Subaru: “Şöyle korkunç şeyler söylemeyi kes!”

 

Otto’nun yarattığı anlık boşluktan faydalanan Subaru Petra’yı yakınına çekerek yakınlardaki bir kapıya atılmıştı. Otto da bir saniye geriden takip ederek içeriden kapıyı kapattı ve anında yatağın arkasına geçti.

 

Ardından bir kesik kapıyı yardı. Ve kapının parçalanan alt kısmı dimdik inerek içeri tekmelendi.

 

Subaru: “Al bunu!”

 

Elsa içeri girerken Subaru’nun ahşap kıyafet askısıyla gerçekleştirdiği saldırıyla karşılaştı. Geriye yatarak kaçınırken askıyı bıçağıyla ikiye ayırdı ve Subaru’nun boğazını hedef alarak geri gönderdi. Ama neyse ki Petra zamanında araya girerek Subaru’yu itekledi ve hasar bir sıyrıktan ibaret oldu.

 

Elsa: “Tanrım. Ne kötü bir kız.”

 

Subaru: “O bizim gurur kaynağımız ve gayet de iyi bir kız, seni geri zekalı!”

 

Subaru'nun boynundan kanlar damlıyordu. Elini yaraya bastırırken Petra’yı yakınına çekerek gerilemeye başladı.

 

Suratında iğrenç bir gülümseme beliren Elsa ise onları takip etmeye hazırlandı.

 

Fakat-

 

Otto: “Peki ya buna ne dersin!”

 

Otto Elsa’nın suratını hedef alarak bir büyü taşı fırlatmıştı.

 

Bu parlak, kırmızı şey ateş manasıyla doluydu ve bir pompalı mermisine bedeldi. Bu Otto’nun Garfiel karşısında kullandığından bile daha saf bir kozdu.

 

Otto'nun gizli kozu doğruca savunmasız Elsa’ya ilerlerken—patladı.

 

Taş Otto ve Elsa arasında kıpkırmızı bir şekilde parçalara ayrılmıştı.

 

Oda ses ve ışıkla kamçılanırken sıcak bir rüzgâr eşliğinde olanları izleyen Subaru’nun gözleri öylesine odaklanmıştı ki zaman durmuş gibi gelmiş, bu sırada Elsa’nın arkasına dönmeye bile tenezzül etmeden bıçağını fırlatarak Otto’nun büyü taşını zapt ettiğini görmüştü.

 

Taşın istenmeyen bir noktada patlayışıyla gözleri yanan Otto attığı çığlık eşliğinde yalpaladı.

 

Elsa ise ayağını Otto’nun boştaki karnına geçirerek onu bir duvara çarpacak şekilde fırlattı. Ardından iki büklüm haldeki gence bakmaya dahi tenezzül etmeden nefesini tutmuş halde izlemekte olan Subaru’ya döndü.
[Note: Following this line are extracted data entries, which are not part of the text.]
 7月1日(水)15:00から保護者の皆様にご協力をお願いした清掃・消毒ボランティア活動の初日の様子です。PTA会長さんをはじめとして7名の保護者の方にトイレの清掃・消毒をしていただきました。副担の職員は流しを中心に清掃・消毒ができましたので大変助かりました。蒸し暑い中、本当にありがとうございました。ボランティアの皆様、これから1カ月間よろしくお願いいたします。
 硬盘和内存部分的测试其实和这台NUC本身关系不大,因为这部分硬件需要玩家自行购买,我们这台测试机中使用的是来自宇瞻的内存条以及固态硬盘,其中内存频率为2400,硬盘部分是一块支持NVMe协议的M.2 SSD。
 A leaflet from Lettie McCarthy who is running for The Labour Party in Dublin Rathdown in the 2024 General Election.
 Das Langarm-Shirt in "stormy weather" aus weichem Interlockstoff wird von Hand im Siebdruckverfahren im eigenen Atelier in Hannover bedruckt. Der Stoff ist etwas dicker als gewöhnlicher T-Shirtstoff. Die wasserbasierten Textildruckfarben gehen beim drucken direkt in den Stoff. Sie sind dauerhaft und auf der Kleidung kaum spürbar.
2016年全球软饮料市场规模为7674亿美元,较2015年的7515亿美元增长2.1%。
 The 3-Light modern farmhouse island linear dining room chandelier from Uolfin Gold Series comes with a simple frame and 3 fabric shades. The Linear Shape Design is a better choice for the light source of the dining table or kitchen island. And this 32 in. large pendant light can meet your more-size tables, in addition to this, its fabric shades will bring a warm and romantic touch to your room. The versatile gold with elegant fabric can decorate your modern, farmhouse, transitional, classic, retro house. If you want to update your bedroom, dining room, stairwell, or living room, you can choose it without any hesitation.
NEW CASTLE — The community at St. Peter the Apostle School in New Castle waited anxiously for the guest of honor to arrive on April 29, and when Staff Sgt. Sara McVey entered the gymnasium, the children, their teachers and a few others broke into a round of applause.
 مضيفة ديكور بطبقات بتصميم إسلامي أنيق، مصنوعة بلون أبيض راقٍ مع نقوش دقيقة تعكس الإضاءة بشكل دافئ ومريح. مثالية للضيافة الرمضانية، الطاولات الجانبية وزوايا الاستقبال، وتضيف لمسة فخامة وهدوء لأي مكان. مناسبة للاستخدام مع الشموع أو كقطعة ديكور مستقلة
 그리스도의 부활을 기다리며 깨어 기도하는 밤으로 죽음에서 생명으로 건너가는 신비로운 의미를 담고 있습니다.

O anda kaşları kalkmıştı.

 

Elsa: “Oh? Sen... sanırım seni Başkentten tanıyorum.”

 

Subaru: “Be-beni hatırlamandan onur duydum. Bu ilişkiyi aklında tutarak bizi görmezden gelmeye ne dersin?”

 

Elsa: “Ne kadar sürerse sürsün zamanında elde edemediğim bağırsakları görmeye dikkat ederim.”

 

Subaru: “Koleksiyoncu!”

 

Subaru Petra’nın kollarını iyice sıkmaya başladığını hissedebiliyordu.

 

Geçidinin öldüğünü de net bir şekilde hissedebiliyordu. Dua edebilir veya ruhunu alevlendirebilirdi fakat ne manası ne de kapısı buna en ufak bir karşılık veriyordu. Burada Shamac kullanması imkansızdı ve daha da önemlisi, kendisini yeniden hareketsiz kılmak ahmaklık olurdu.

 

Bu da geriye tek bir metot bırakıyordu—Görünmez Takdir.

 

Subaru: “—”

 

Kullanmaya karar verdiği anda bedeninde karanlık, yabancı bir şey kıpırdanmaya başladı.

 

O ana dek hareketsiz olsa da Subaru tarafından çağrıldığını anladığı anda varlığını göstermeye başlamış, gücünü ve neşesini sergilemeye heveslenmişti.

 

Subaru, tiksindirici bir canavar beslediği şeklinde bir hisse kapılmaktaydı.

 

Bu hissi bile isteye görmezden gelerek doğum çığlıklarını atan karanlık güce emrini verdi ve onun için dışarı bir yol açmakta karar kıldı.

 

Acısından içi kan ağlıyor ve bu gücü kullanmak istemiyor olabilirdi.

 

Ama ne olursa olsun elinden gelen şeye tutunmalı, yapabileceğini yapmalı ve cephaneliğindeki her şeyden faydalanarak yaşamalıydı.

 

Kurtulmasını arzu ettiği herkesi kurtarmak için bunu yapmalıydı.

 

Elsa: “Ahh... ne heyecan verici bir ifadeye büründün.”

 

Subaru: “Sana gösterecek daha iyi bir şeyim var.”

 

Elsa: “Nasıl da heyecanlandım...”

 

İki bıçağını hazırlamakta olan Elsa’nın özünü hedef alan Subaru tetiğini çekti. Şu anda yalnızca o gücü salması gerekliydi ve ardından, kadının narin bedeni hırpalanıp delinecekti.

 

Subaru: “—○○○”

 

Damarlarından kıvrılarak akan şey bir bütün olarak içerisinde ilerlemekteydi.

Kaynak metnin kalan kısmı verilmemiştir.